Modeling flow in wetlands and underlying aquifers using a discharge potential formulation

Abstract

Summary An accurate assessment of water and nutrient balances in large scale wetland systems such as the Florida Everglades requires conjunctive modeling of surface water flow in wetlands and groundwater flow in underlying aquifers. Earlier work was based on the finite difference code MODFLOW with a special “wetlands package.” This model treats the wetland flow as laminar with a very high transmissivity that is proportional to the wetland water depth cubed. However, these MODFLOW solutions appear sensitive to this highly non-linear wetland transmissivity, particularly under conditions of low vegetation density when the model may fail to converge. We propose to formulate the governing differential equation in terms of a discharge potential instead of potentiometric heads as done in MODFLOW, but otherwise using the same assumptions as in its wetlands package. We tested our approach on a few cases of one- and two-dimensional flow, both with a constant and a varying wetland bottom elevation. For the latter the discharge potential represents an irrotational part of the flow field which is combined with a component of the flow field that contains the curl.

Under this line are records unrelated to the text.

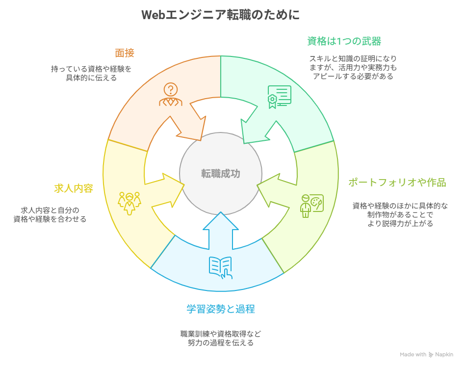 Webエンジニアとして転職する際、資格はあくまで「知識の証明」です。資格を取得しただけでは採用が保証されません。ここでは、資格取得後に転職活動で意識すべきポイントを整理します。
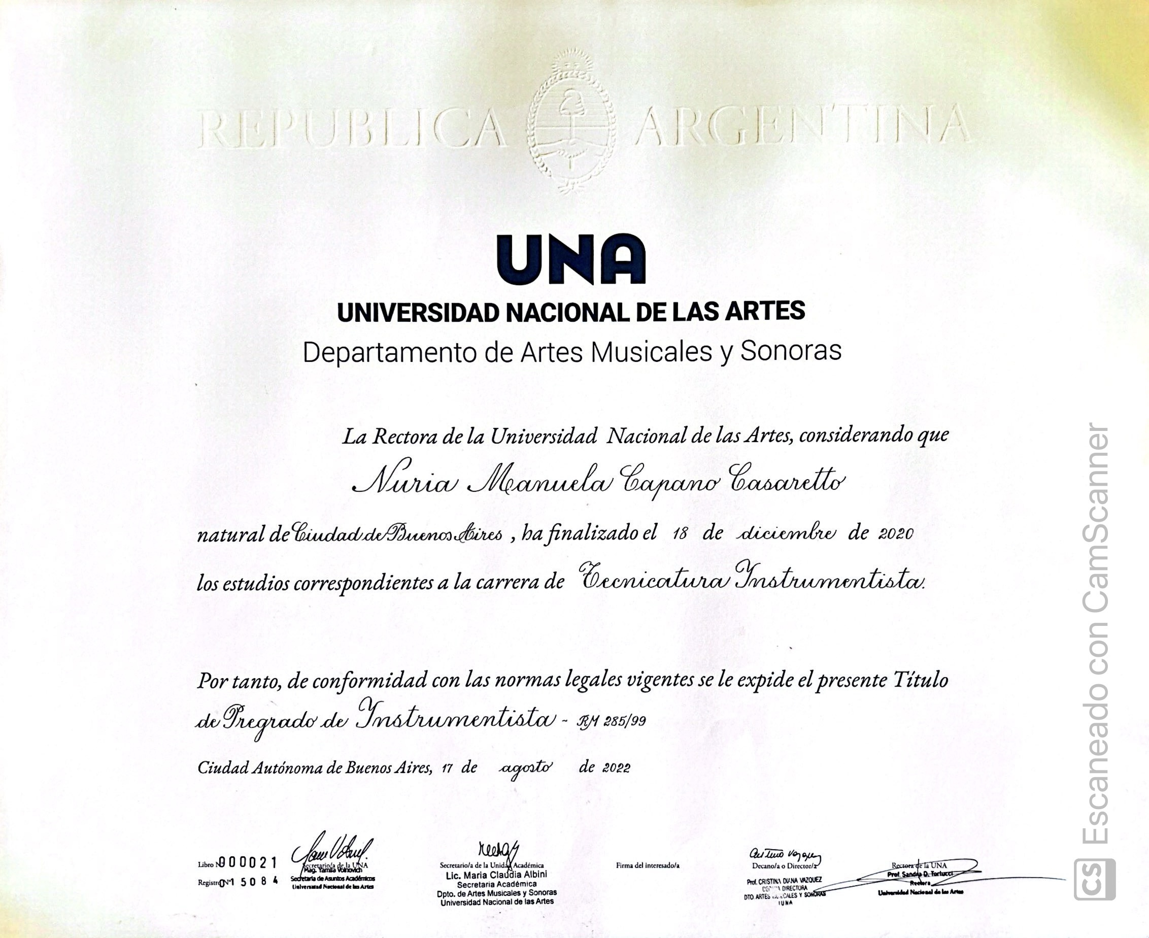 Superior Conservatory of Music, Argentina, Graduated 2013
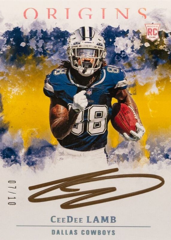 This card is 1 of 9 CeeDee Lamb's card variations in the 2020 Origins set being tracked by Sports Card Investor, including Rookie Autographs, Rookie Autographs - Red /99, Rookie Autographs - Blue /49, Rookie Autographs - Turquoise /25, and Rookie Autographs - Purple FOTL /17.
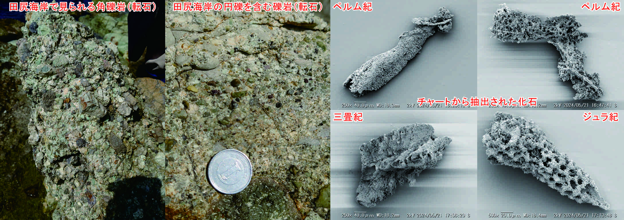 2023年8月,筆者らのうち水上 隆は,大田市の文化財にも指定されている珪化木の巨木が見られることでも知られる,大田市仁摩町の田尻海岸に転がる多数の礫の中に,チャートが存在するのではないかと考え,高校時代の同級生であった古谷 裕に確認を求めた.その後,水上 隆,水上恒子,古谷 裕の3名で2024年3月に田尻海岸を訪れ,海岸に転がる石ころの中から約20個のチャートを見いだした.そのチャートからフッ化水素酸処理により古生代ペルム紀から中生代ジュラ紀に及ぶ放散虫化石等が抽出された(図).
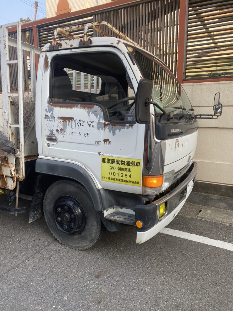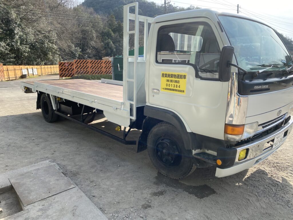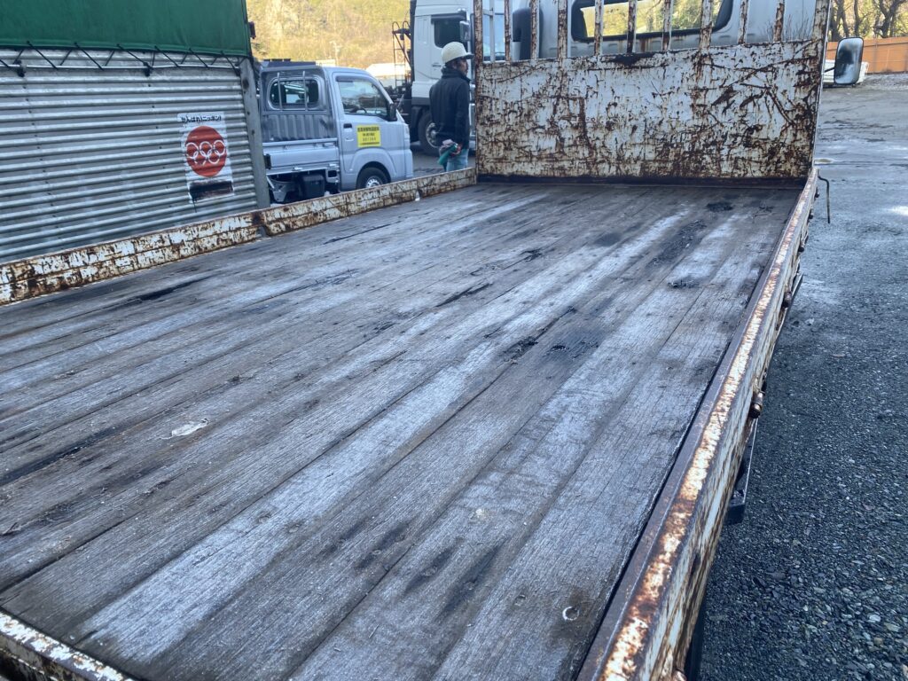 木パレや大きなフレコン・重機の運搬など、重量物を運び続けてくれた車輛。
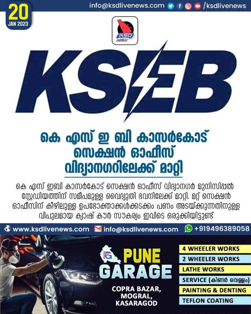 കെ എസ് ഇ ബി കാസര്കോട് സെക്ഷന് ഓഫീസ് വിദ്യാനഗറിലേക്ക് മാറ്റി
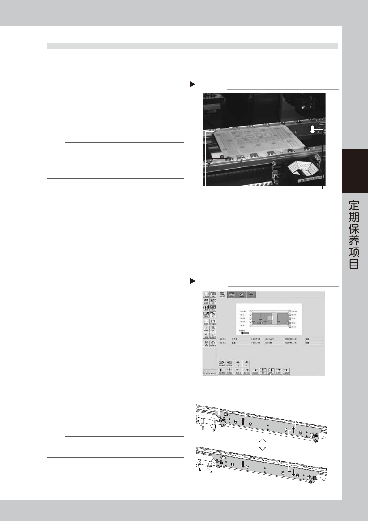3-9 3 1.4 检查基板固定夹的状态与动作 1.4.1 基板夹固状态的检查 除了切换生产品种时需检查基板的夹固状态之外,即使没有切换生产品种也需要 1 周检查 1 次基板的夹固状态。 1. 夹固之后,基板无松动。 2. 夹固之后,基板压板与基板之间无间隙。 3. 夹固之后,传送轨面与基板面之间无高低之差。 4. 基板固定夹夹固、松开的动作顺畅。 55306-L6-00 n 要点 上述 1 〜 3 的检查结果为不良时,请确认基…
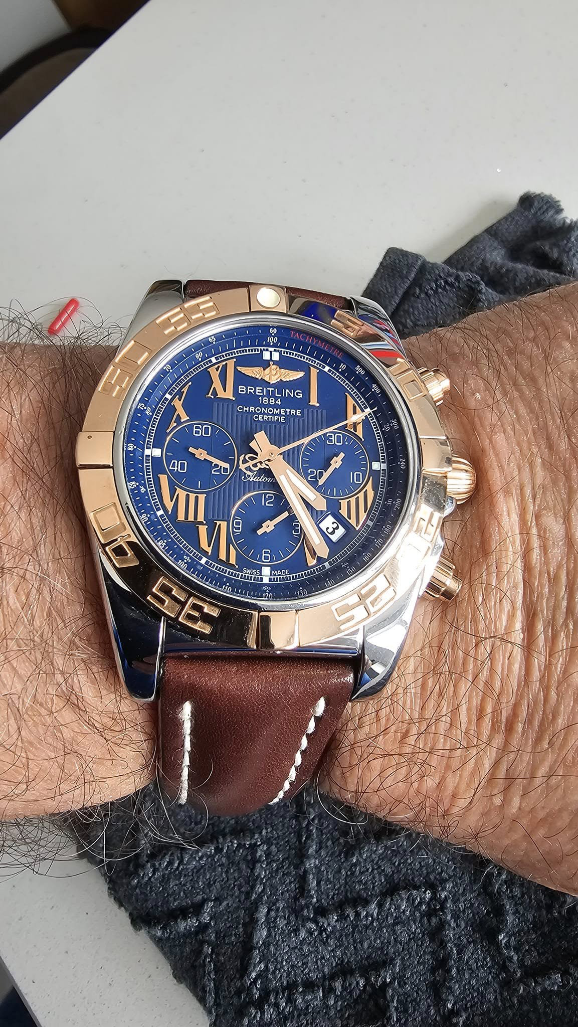 [ºê¶óÀÌÆ²¸µ] ¿øµå¶óÀÌ´õ Å©·Î³ë¸Ë ¿ÀÅä¸Åƽ ETA-7750 ±â°è½Ä 44mm ³²¼º¿ë½Ã°è 18K ·ÎÁî°ñµå °¡Á×ÁÙ ºí·ç´ÙÀ̾ó bre0619 - Breitling Windrider Chornomat ETA7750 TYPE 44mm Rose Gold Mens Blue Dial
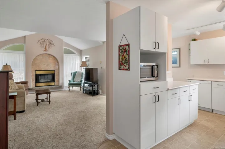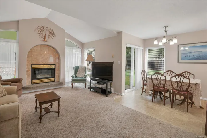The attractive 2 arched window and gas fireplace are the focal points of this vaulted ceiling living room, aside from the private backyard view beyond
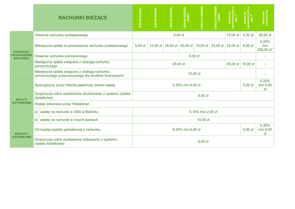 Miesięczna opłata związana z obsługą rachunku pomocniczego przeznaczonego dla środków finansowych Sporządzony przez Klienta papierowy dowód wpłaty Dyspozycja ustna wystawienie doukumentu z systemu (opłata dodatkowa) OSKAR FARMER LIDER OSKAR FARMER 13,00 zł 30,00 zł 50,00 zł 10,00 zł 23,00 zł 22,00 zł 8,00 zł 0,20% min 200,00 zł3 OSKAR BIZNES LIDER 50,00 zł OSKAR BIZNES 5,00 zł 5,00 zł 0,00 zł 20,00 zł 25,00 zł 10,00 zł 10,00 zł 0,30% min 6,00 zł - 0,00 zł 0,30% min 6,00 zł 0,00 zł 0,30% min 6,00 zł 6,00 zł Wpłaty dokonane przez Wpłatomat a) wpłaty na rachunki w GBS w Barlinku 0,10% min 2,00 zł b) wpłaty na rachunki w innych bankach 10,00 zł Od każdej wypłaty gotówkowej z rachunku WYPŁATY GOTÓWKOWE 15,00 zł 0,00 zł Otwarcie rachunku pomocniczego Miesięczna opłata związana z obsługą rachunku pomocniczego WPŁATY GOTÓWKOWE Rachunek powierniczy OTWARCIE I PROWADZENIE RACHUNKU Instytucji wymienionych w pkt 2* Miesięczna opłata za prowadzenie rachunku podstawowego Instytucji wymienionych w pkt 1* Otwarcie rachunku podstawowego OSKAR MIKRO OSKAR RABAT RACHUNKI BIEŻĄCE Dyspozycja ustna wystawienie dokumentu z systemu (opłata dodatkowa) 0,30% min 6,00 zł 6,00 zł Rachunek powierniczy Instytucji wymienionych w pkt 2* Instytucji wymienionych w pkt 1* OSKAR FARMER LIDER OSKAR FARMER OSKAR BIZNES LIDER OSKAR BIZNES OSKAR MIKRO OSKAR RABAT RACHUNKI BIEŻĄCE Przelew wewnętrzny (za każdy przelew) a) papierowy 3,00 zł b) wykonany kartą Oskar Biznes Plus 0,00 zł - c) wykonany przez CUE e-GBS Biznes lub e-GBS Corpo 0,00 zł - d) dyspozycja przelewu środków z rachunku bieżącego na rachunek lokaty terminowej lub spłatę kredytu w GBS Banku 0,00 zł - e) dyspozycja ustna wystawienia dokumentu z systemu (opłata dodatkowa) 5,00 zł Przelew zewnętrzny (za każdy przelew) PRZELEWY a) papierowy 6,50 zł 7,00 zł b) wykonany kartą Oskar Biznes Plus 3,00 zł - d) wykonany przez CUE e-GBS Biznes 1,00 zł - e) wykonany przez CUE e-GBS Corpo 2,50 zł - f) realizacja wysokokwotowych przelewów za pośrednictwem systemu SORBNET w kwocie niższej niż 1 mln zł 25,00 zł w kwocie wyższej lub równej 1 mln zł 15,00 zł Automatyczny z salda rachunku w terminie wynikającym z umowy lub dyspozycji Klienta (za każdy przelew) Realizacja zlecenia stałego wewnętrznego 14,00 zł 0,00 zł - 3,00 zł - Realizacja zlecenia stałego zewnętrznego ze stałą i zmienną kwotą a) za wykonanie każdego zlecenia ZLECENIA STAŁE b) za wykonanie każdego zlecenia z wykorzystaniem usługi CUE e-GBS Biznes 1,00 zł - c) za wykonanie każdego zlecenia z wykorzystaniem usługi CUE e-GBS CORPO 2,50 zł - Realizacja jednorazowego zlecenia stałego w oddziale banku 7,00 zł - Rachunek powierniczy Instytucji wymienionych w pkt 2* Instytucji wymienionych w pkt 1* OSKAR FARMER LIDER OSKAR FARMER OSKAR BIZNES LIDER OSKAR BIZNES OSKAR MIKRO OSKAR RABAT RACHUNKI BIEŻĄCE Złożenie/ modyfikacja/ odwołanie dyspozycji zlecenia stałego ze stałą i zmienną kwotą ZLECENIA STAŁE POLECENIE ZAPŁATY a) w oddziale banku 3,00 zł - 0,00 zł - Zawiadomienie o braku środków na realizację zlecenia 8,00 zł - Realizacja wewnętrznego polecenia zapłaty 0,00 zł - Realizacja zewnętrznego polecenia zapłaty 3,00 zł - Przyjęcie/ modyfikacja/ odwołanie polecenia zapłaty 3,00 zł - b) z wykorzystaniem usługi CUE e-GBS Biznes i e-GBS CORPO Wyciągi okresowe wykonywane przez Klienta osobiście za pomocą usługi CUE e-GBS Biznes, e-GBS CORPO, za pomocą karty Oskar Biznes Plus (za okres do 3 miesięcy) lub przekazywane raz w miesiącu zgodnie z dyspozycją Klienta zawartą w umowie Na życzenie Klienta sporządzenie i wysyłanie wyciągów częściej niż raz w miesiącu. Opłata za każdy wyciąg. WYCIĄGI 0,00 zł 10,00 zł + koszty wysyłki Sporządzenie odpisu (opłata za każdy odpis, stawka podstawowa) a) każdego miesięcznego wyciągu 15,00 zł b) załącznika bez wyciągu 7,00 zł Sporządzenie historii operacji na rachunku na życzenie Klienta a) z roku bieżącego 50,00 zł b) z lat ubiegłych 70,00 zł Jeżeli odpis dotyczy lat ubiegłych- opłatę podwyższa się o połowę stawki podstawowej odpowiednio za każdy rok USŁUGA e-GBS BIZNES Opłata miesięczna za bierny i aktywny dostęp do usługi CUE e-GBS Biznes 0,00 zł - Wydanie jednego tokena do rachunku lub wydanie nowego tokena (np. w razie zgubienia, zniszczenia, itp.) lub wymiany tokena po upływie jego terminu ważności 50,00 zł - USŁUGA e-GBS CORPO USŁUGA GBS SMS BLANKIETY I KSIĄŻECZKI CZEKOWE Rachunek powierniczy Instytucji wymienionych w pkt 2* Instytucji wymienionych w pkt 1* OSKAR FARMER LIDER OSKAR FARMER OSKAR BIZNES LIDER OSKAR BIZNES OSKAR MIKRO OSKAR RABAT RACHUNKI BIEŻĄCE Instalacja i 2 godzinne szkolenie 50,00 zł - Wydanie 2 kart i 1 czytnika (za komplet) 50,00 zł - Wydanie kolejnego czytnika lub karty (za sztukę) 30,00 zł - Obsługa- opłata miesięczna 100,00 zł - Ponowna instalacja na życzenie lub z winy Klienta 50,00 zł - Dodatkowe szkolenie- opłata za godzinę 50,00 zł - Opłata za uszkodzenie karty lub czytnika (za sztukę) 50,00 zł - Nie zwrócenie karty lub czytnika do banku w ciągu 30 dni od daty wezwania (za sztukę) 50,00 zł - Aktywna usługa GBS SMS 7,00 zł 0,00 zł 7,00 zł 0,00 zł 7,00 zł - Za jeden blankiet 5,00 zł - Inkaso czeku 20,00 zł - Potwierdzenie jednego czeku 20,00 zł - 150,00 zł + opłata notarialna - b) inkaso weksla c) przyjęcie weksla do dyskonta- w zależności od kwoty d) rozpatrzenie weksla złożonego do dyskonta 30,00 zł 1,50% 100,00 zł - Za realizację tytułu wykonawczego oraz dokumentu mającego moc takiego tytułu a) jednorazowo b) opłata za każdy przelew przy częściowej realizacji tytułu Za wydanie na żądanie Posiadacza rachunku zaświadczeń: (w jednym egzemplarzu) 20,00 zł 10,00 zł - Obsługa weksli a) oprotestowanie weksla INNE USŁUGI a) zaświadczenia o posiadaniu rachunku bieżącego b) zaświadczenia, m.in.: o posiad

We found that both the robustness and the accuracy of the solution in terms of potentials was superior to the solution in terms of heads. In some cases the latter solution failed altogether, even for simple one-dimensional flow. We applied our method to model the effects of wetland hydrology on the nutrient redistribution in and near tree islands. We found that the subtle velocity distributions near these tree islands, as resulted from our conjunctive wetlands and groundwater flow solution, could help explain the increased nutrient depositions at these islands, particularly at the head of the islands, where, consequently, most of the vegetation occurs.